[PROVIDED DATA Boundary: Start]

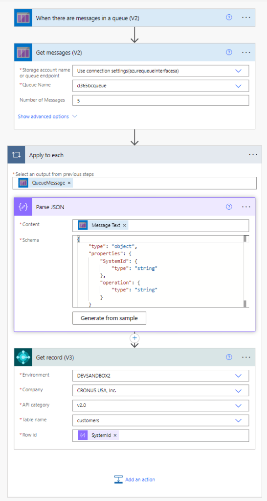 Then, the Power Automate (or Logic Apps) workflow started from the “When there are messages in a queue” trigger:
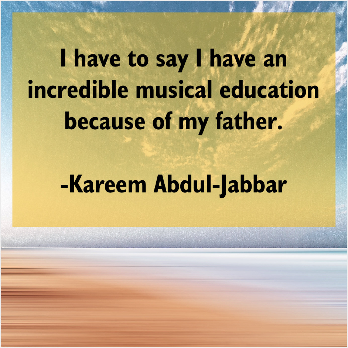 Kareem Abdul-Jabbar Kareem Abdul-Jabbar – I have to say I… March 24, 2019 admin “I have to say I have an incredible musical education because of my father.”-Kareem Abdul-Jabbar
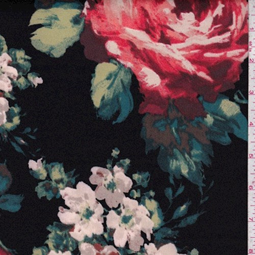 2 YD PC-Black/Taupe/Coral Multi Floral Scuba Knit Fabric
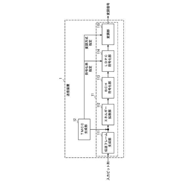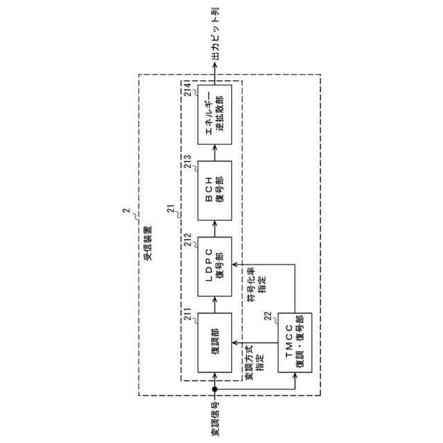 LDPC符号は符号長を大きくし、適切な検査行列を用いることによりシャノン限界に迫る伝送特性が得られる強力な誤り訂正符号であり、新4K8K衛星放送の伝送方式を規定するARIB STD-B44(以下、高度衛星放送方式と呼ぶ。例えば、非特許文献2参照)においてもLDPC符号が採用されている。多値変調とLDPC符号をはじめとする強力な誤り訂正符号を組み合わせることで、より高い周波数利用効率の伝送が可能となってきている。

[PROVIDED DATA Boundary: End]

• DIRECTIONS:
The reply must hold every line above exactly as written and none of the pictures.

• OUTPUT BELOW:
 Then, the Power Automate (or Logic Apps) workflow started from the “When there are messages in a queue” trigger:
 Kareem Abdul-Jabbar Kareem Abdul-Jabbar – I have to say I… March 24, 2019 admin “I have to say I have an incredible musical education because of my father.”-Kareem Abdul-Jabbar
 2 YD PC-Black/Taupe/Coral Multi Floral Scuba Knit Fabric
 LDPC符号は符号長を大きくし、適切な検査行列を用いることによりシャノン限界に迫る伝送特性が得られる強力な誤り訂正符号であり、新4K8K衛星放送の伝送方式を規定するARIB STD-B44(以下、高度衛星放送方式と呼ぶ。例えば、非特許文献2参照)においてもLDPC符号が採用されている。多値変調とLDPC符号をはじめとする強力な誤り訂正符号を組み合わせることで、より高い周波数利用効率の伝送が可能となってきている。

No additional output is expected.